Piano Lessons Plus Pizza Plus Soccer: Why Extracurricular Overload is a Bad Idea

My sons don’t do a lot.

That is, they don’t do a lot of extra-curricular activities, at least not by today’s standards. Both boys play soccer (using the word “play” loosely here; James may end up being more instinctively athletic, but rest assured no one in this house is going to college on a sports scholarship), and they seem to enjoy it. Both take piano lessons, because I like it. Seriously, that’s why. I always wanted to have learned a musical instrument, and never did. So when a second-hand piano became available to us for next to nothing, I grabbed it, ditched my dining room table, and turned that spot into our music room (much grander than it sounds; it was too small for a dining room, anyway). They seem to like it, particularly Daniel, on his second year. Proud mommy moment alert: when my next door neighbor said she so enjoyed hearing the sounds of his playing through our open windows last summer.

And that’s it, activity-wise. Not including religious studies, which I mention only because our participation in the church’s family program takes up one precious afternoon. I’m sure there are mothers who look at a color-coded family calendar that’s packed with activities, with not one afternoon between Monday and Friday left fallow, and feel they’re doing the right thing. Or who feel that even if it’s not ideal — no one has time for a real dinner and everyone’s doing their homework either in the minivan or while waiting for their sister’s hip-hip lesson to end — it’s what they have to do.
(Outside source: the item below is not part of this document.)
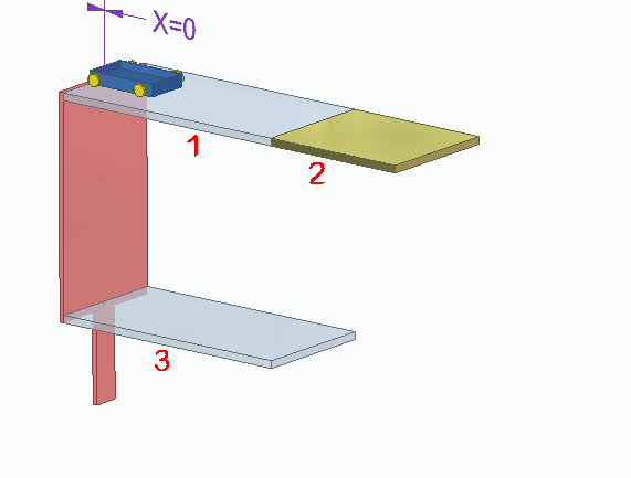 通过蓝色小车的运动,小车将移到零件 2。

I am not one of those mothers. I like my time, and I like their time.

This spring, we have piano — one lesson after the other, at our teacher’s home — on Wednesday. Monday is religion, and even that’s ending in a couple of weeks. Friday is soccer practice for both boys (score one for Mom having both teams’ weekly practice on the same day, albeit on different fields. Score another one for mom because the reason they’re on the same day is that my husband coaches James’ team, so he conveniently scheduled practice when it was best for me. Hey, I see no reason their activities shouldn’t also work for me.) Soccer games are on the weekends, and that’s fine with me — don’t tell my kids, but I enjoy going to the games sometimes more than they do.

Daniel: soccer player and competitive pizza-eater.

James, on the right, at a game last fall.

So yeah, I have this down to a system that works — we generally eat dinner at home, I don’t have to work out military-level carpools, and I’m not spending a fortune, either. Except of course for the times it doesn’t work. Like yesterday. All that happened is that Daniel’s coach moved the regular practice to that evening in advance of the bad weather called for this Friday (a winter storm’s a-coming. On April 1st.) We could do this: Piano is 3:45 to 4:45, and soccer is 5:30-7pm. My intentions were good, trying to get to both: Daniel gets more physical activity out of practice than out of the game itself, and it was actually a nice afternoon. Why not, I thought, grab the little guy off the bus at 3pm, pack up the piano books, homework, water bottles, soccer equipment and a change of clothes, then pick up Daniel at school, go to the piano instructor’s house for piano (and homework), go grab some pizza, then get to the soccer field, and let Daniel drill and scrimmage with his Pirates while James and I kick a ball around on the side.

It started okay; the pizza was a boy-pleasing idea (pizza — or any meal out — on a weekday? Are we on vacation? Can I say how much I love that this scenario is so out of the ordinary for my sons that I can still wield it as a treat? Score three for mom). But — and I should have anticipated this, given how devoted Daniel is to consuming large amounts of pizza — the meal was nowhere near digested by soccer time. Halfway into a scrimmage, he was clutching his stomach. Plus, the previously pleasant afternoon turned abruptly chilly. Rather than watch his brother or play around himself, James wanted to sit in the car for a while, and promptly shut the door on his fingers (major tears, no lasting injury, thanks). Homework got all confused somehow, and by the time we got home the whole pre-bed routine was at sixes and sevens.

In the lives of some modern mothers, many of whom I see weekly basis relating their drop-off and pick-up schedules that defy the space-time continuum (there’s no way to drop off your daughter at dance and be on a lacrosse field three towns away at the same time, even if you have the baddest-ass SUV on the planet) and lamenting how much fast food must be eaten to keep the schedule humming, my wacky Wednesday was nuthin’. Confusion with homework? A non-routine bedtime routine? Pshaw!

But I realized something yesterday: the slightly sick stomach and the bored/cold/injured younger brother weren’t really the problems (these things might have happened even if our usual routine hadn’t been interrupted, after all). The problem was that I didn’t feel comfortable and relaxed with the craziness of the day. I feel better with just one thing per day, and with some days with nothing on the calendar and time to oversee homework and get dinner started, then letting them play by themselves while I get some bits and pieces of work done. Yesterday, I was discombobulated and vaguely annoyed (misplaced my checkbook in there somewhere, too), and that rubbed off on everyone else.

It’s like I always say (apologies to the grammar police): If Momma ain’t happy, ain’t nobody happy.”